Season passes are the cornerstone of the business model, particularly Cedar Fair's historical approach which Six Flags is now extending network-wide. A season pass purchased at one park in the FUN network provides access to multiple parks — increasing perceived value and driving repeat visits. Season pass holders typically visit 3-5x per year, dramatically improving attendance economics vs. single-day visitors.

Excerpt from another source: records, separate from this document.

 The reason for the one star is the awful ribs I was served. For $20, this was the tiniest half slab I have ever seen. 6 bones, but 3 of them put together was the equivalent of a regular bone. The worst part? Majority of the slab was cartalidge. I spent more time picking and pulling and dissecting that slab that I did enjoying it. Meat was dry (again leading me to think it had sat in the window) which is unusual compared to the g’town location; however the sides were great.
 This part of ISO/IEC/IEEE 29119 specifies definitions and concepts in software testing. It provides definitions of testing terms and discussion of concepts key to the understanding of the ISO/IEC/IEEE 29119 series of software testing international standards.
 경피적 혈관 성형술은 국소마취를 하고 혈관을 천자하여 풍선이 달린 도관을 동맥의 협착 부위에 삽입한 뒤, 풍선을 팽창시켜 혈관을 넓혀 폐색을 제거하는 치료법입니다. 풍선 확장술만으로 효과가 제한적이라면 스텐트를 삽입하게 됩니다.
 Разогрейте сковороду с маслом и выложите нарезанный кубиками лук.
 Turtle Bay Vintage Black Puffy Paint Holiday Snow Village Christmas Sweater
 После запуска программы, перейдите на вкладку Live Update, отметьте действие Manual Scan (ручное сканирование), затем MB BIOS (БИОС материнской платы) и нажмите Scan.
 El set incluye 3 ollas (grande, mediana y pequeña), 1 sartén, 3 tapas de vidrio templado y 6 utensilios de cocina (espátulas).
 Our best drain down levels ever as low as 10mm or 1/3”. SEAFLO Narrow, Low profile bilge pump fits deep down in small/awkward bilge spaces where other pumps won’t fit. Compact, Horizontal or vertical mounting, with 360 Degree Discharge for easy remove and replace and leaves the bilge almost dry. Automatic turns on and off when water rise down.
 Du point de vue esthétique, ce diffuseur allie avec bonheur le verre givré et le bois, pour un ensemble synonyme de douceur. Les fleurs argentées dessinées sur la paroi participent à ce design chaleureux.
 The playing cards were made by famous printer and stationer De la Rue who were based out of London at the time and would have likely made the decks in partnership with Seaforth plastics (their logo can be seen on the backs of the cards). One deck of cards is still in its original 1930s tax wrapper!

Fixed-Cost Operating Leverage

The business has high fixed costs (park maintenance, staff, debt service, insurance) with variable revenues (attendance-driven). This creates significant operating leverage: when attendance falls (weather, economic weakness), EBITDA is disproportionately affected. FY2025 attendance of 47.4M was below management's expectations; the resulting earnings shortfall triggered the $1.5B goodwill impairment.


3. Value Chain Layer Map

[Upstream]                  [Core Operations]                    [Guest-Facing]
Land/Real Estate      →     Park Design & Development    →      Admissions / Ticketing
Ride Manufacturers    →     Park Operations               →      In-Park Spend (F&B, retail)
Food/Bev Suppliers    →     Safety & Maintenance          →      Lodging / Resorts
Technology (apps)     →     Marketing & CRM               →      Seasonal Events
Seasonal Labor        →     Season Pass Platform          →      Group/Event Sales

Key Value-Chain Observations:

  1. Rides are capital-intensive to acquire ($10M-$30M+ per major coaster) and multi-decade assets — once built, they anchor park identity and competitive position for 20-30 years
  2. Land is owned (not leased) at most parks — creating a real-estate underpinning that EPR Properties recognized in buying 6 parks in April 2026
  3. Technology is increasingly important: FUN is integrating ticketing platforms, mobile apps, and CRM systems to cross-sell and improve per capita yield
  4. Seasonal Labor is a key cost variable; the company employs ~8,000 full-time and ~20,000 seasonal workers (peak estimate)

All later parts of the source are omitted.